Question

if theta is a positive acute angle prove that sin theta + cos theta is greater than 1

Answer 1

Answer:

Step-by-step explanation:

We know that,

sin(A+B) =sin(A)cos(B) +cos(A)sin(B)

Here,

we have

$\theta \:is\: acute ,i.e.,\theta \in(0,90\degree)$

Then,

$sin(\theta)+cos(\theta) = \sqrt{2}(\frac{1}{ \sqrt{2}} sin(\theta)+\frac{1}{ \sqrt{2}} cos(\theta))$

$sin(\theta)+cos(\theta) = \sqrt{2}(cos(45\degree) sin(\theta)+sin(45\degree)} cos(\theta))$

$\sqrt{2}(sin(45\degree+\theta))$

Now,

since sine function is increasing from 0 to 90degree , and decreasing from 90 degree to 180degree .
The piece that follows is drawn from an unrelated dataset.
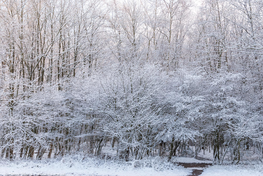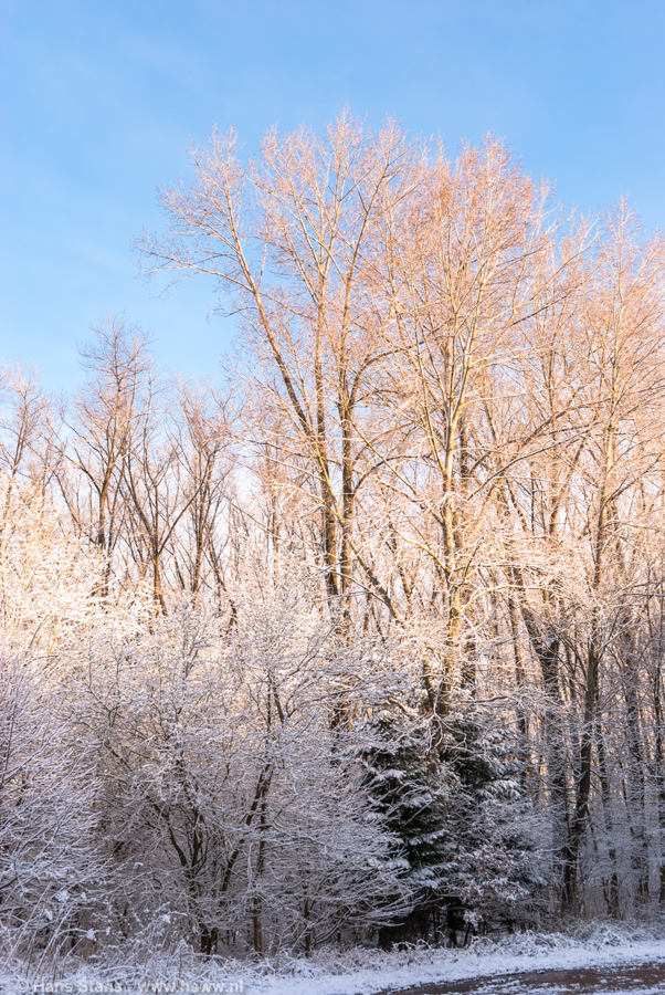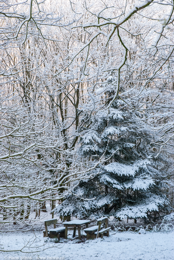 Om tien over half acht arriveerde ik het Wijbosch Broek, het klaarde mooi op en de laagstaande ochtendzon stond met van die mooi bleke ochtendkleurtjes door en op de besneeuwde takken te schijnen. Ik besloot toen om niet 'gewoon' sneeuwfoto's te nemen (zeg maar met de zon in de rug) maar juist dat ochtendlicht een rol te laten spelen. Dat maakte het fotograferen wel lastiger, de zonsopkomst is vaak al een strijd tegen de overbelichting, en nu zijn ook nog eens de 'donkere' stukken wit. Daarbij moet sneeuw altijd ruim belicht worden om te voorkomen dat het er blauw of blauwgrijs uit gaat zien... Ik moest me dwingen om niet alleen met mijn camera-settings in de weer te zijn (Nikon-discussies noem ik dat) maar ook nog 'gewoon' van het bos te genieten. Wat zag het er mooi uit! Ik hoop maar dat het gelukt is die sfeer enigszins in de foto's te verwerken:

$f(x)=\sqrt{2}(sin(45\degree+\theta) \\f(x)_{min} = f(0^+) >1. \\ \\ f(x)_{max} =f(45\degree)=  \sqrt{2}(sin(45\degree+\theta) \\ \\ \sqrt{2}(sin(90\degree) = \sqrt{2}.$

Hence, f(x) is greater than 1.

$=> \sin(\theta) +cos(\theta) >1 , \forall \theta \in(0,90\degree)$